Denken Sie männlich, weiblich oder nur anders?

Ergänzungen zum Buch „Die menschliche Seite des Projekterfolgs“ von Peter Siwon, dpunkt.verlag, 2010

Das Thema Neurologie, Psychologie und Projektmanagment ist ständig im Fluss. Damit Sie als Leser meiner Publikationen von meinen aktuellen Erkenntnissen und Erfahrungen profitieren können, habe ich das wichtigste und interessanteste auf dieser Website für Sie zusammengestellt.

Denken Sie männlich, weiblich oder nur anders?

Geschlecht Zeichen02/2012: Gibt es geschlechtsspezifische Unterschiede zwischen männlichen und weiblichen Gehirnen? Was kann man daraus für den Einsatz von Mann und Frau in Projekten ableiten?

Es gibt Unterschiede, die genetisch verankert scheinen. So zeigen Kinder geschlechtsspezifische Vorlieben für Spielzeuge, die nicht durch Sozialisation erklärbar sind. Jungen bevorzugen bewegliche Objekte wie Fahrzeuge und Bälle. Mädchen dagegen bevorzugen ortsgebundene Objekte. Vergleichbare Vorlieben finden sich auch bei Menschenaffen.

Wesentliche Unterschiede in der Anatomie finden sich u.a. in dem Bereich des Gehirns (Hypothalamus), der für die Steuerung des Hormonsystems eine sehr wichtige Rolle spielt. Beispielsweise reagieren männliche und weibliche Hormonsysteme unterschiedlich auf Stresssituationen. Während Männer eher zu Kampf oder Fluchtreaktionen (Fight or Flight) neigen, wenden Frauen diese Strategie seltener an. Sie  zeigen stattdessen öfter eine Fürsorge- und Beschwichtigungsverhalten (Tend and Befriend). Beim Mann wirkt das Hormon Testosteron stärker, das Aggression und Imponiergehabe steigert. Bei Frauen dagegen wirkt das Hormon Oxytocin, das die Bildung sozialer Bindungen unterstützt, stärker. Betrachtet man die für Männer und Frauen lange Zeit typischen Lebensbedingungen, erscheint das plausibel. Für Männer stellt Kampf und Flucht aufgrund Ihrer Körperkraft eine gute Option dar. Wogegen für eine schwangere oder stillende Frau  das Heil eher darin liegt, den Nachwuchs zu schützen, Verbündete zu gewinnen oder den Angreifer zu beschwichtigen.

Die Neurobiologen haben noch weitere Unterschiede in der Hirnstruktur gefunden. Doch ist aufgrund der hohen Komplexität des Gehirns nicht klar nachweisbar, wie sich diese Unterschiede letztlich in den Verhaltensweisen und Fähigkeiten niederschlagen. Dazu fehlen den Forschern noch sehr viele Puzzlesteinchen, die nötig sind um die Funktion von Gehirn und Hormonsystems gut genug zu verstehen. Außerdem ist es ein Irrtum, davon auszugehen, dass nur männliche Gehirne in männlichen Körpern oder weibliche Gehirne in weiblichen Körpern wohnen. Mittlerweile weiß man, dass es auch andere Kombinationen und Zwischenstufen gibt, z.B. finden wir Gehirne mit „typisch“ weiblicher Anatomie auch in männlichen Körpern und umgekehrt. Wie diese Konstellationen beim Heranwachsen des Babies im Mutterleib entstehen wird im Wesentlichen durch Hormone bestimmt. So kann beispielsweise eine stressbedingte Erhöhung des Testosteronspiegels während der Schwangerschaft dazu führen, dass das Gehirn des Embryos andere geschlechtsspezifische Merkmale entwickelt als der Körper.
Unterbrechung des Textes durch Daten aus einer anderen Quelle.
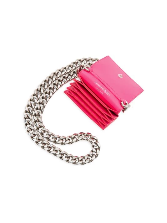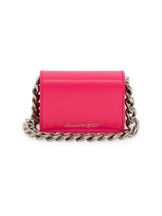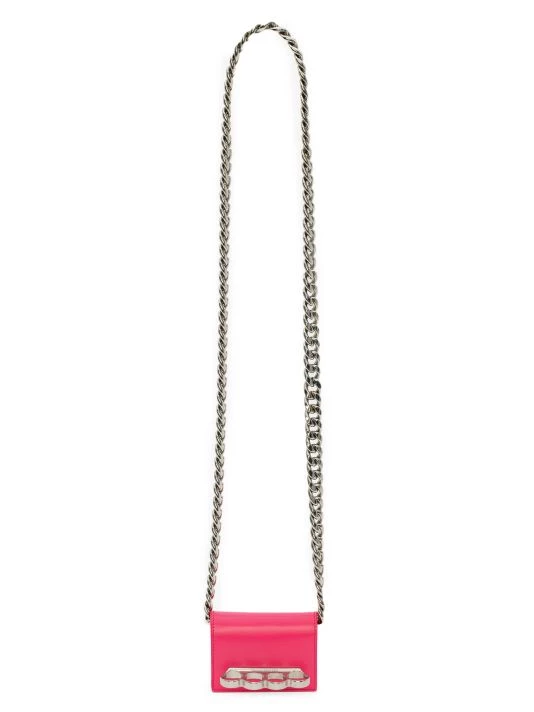 This micro leather bag is finished with signature knuckle rings and a chain-link shoulder strap.

So gesehen macht es wenig Sinn, Fähigkeiten stereotypisch Einzelpersonen zuzuordnen. Viel sinnvoller ist es, die Fähigkeiten der Menschen unabhängig von Ihren äußeren Geschlechtsmerkmalen in den Vordergrund zu stellen und objektiv, z.B. durch Blindtests, sichtbar zu machen. Oder gehen wir noch einen Schritt weiter und lösen uns auch von den Vorurteilen, die wir, wenn auch oft unbewusst, mit Herkunft, Rasse, Größe etc. verbinden. Der Lohn: Es eröffnet sich eine enorme Vielfalt noch ungenutzter Fähigkeiten und Potentiale. Genau die brauchen wir, um die großen Herausforderungen der Zukunft zu meistern.  Die Kunst besteht darin, das Anderssein (Diversity) als Chance statt als Bedrohung oder Schwäche zu sehen.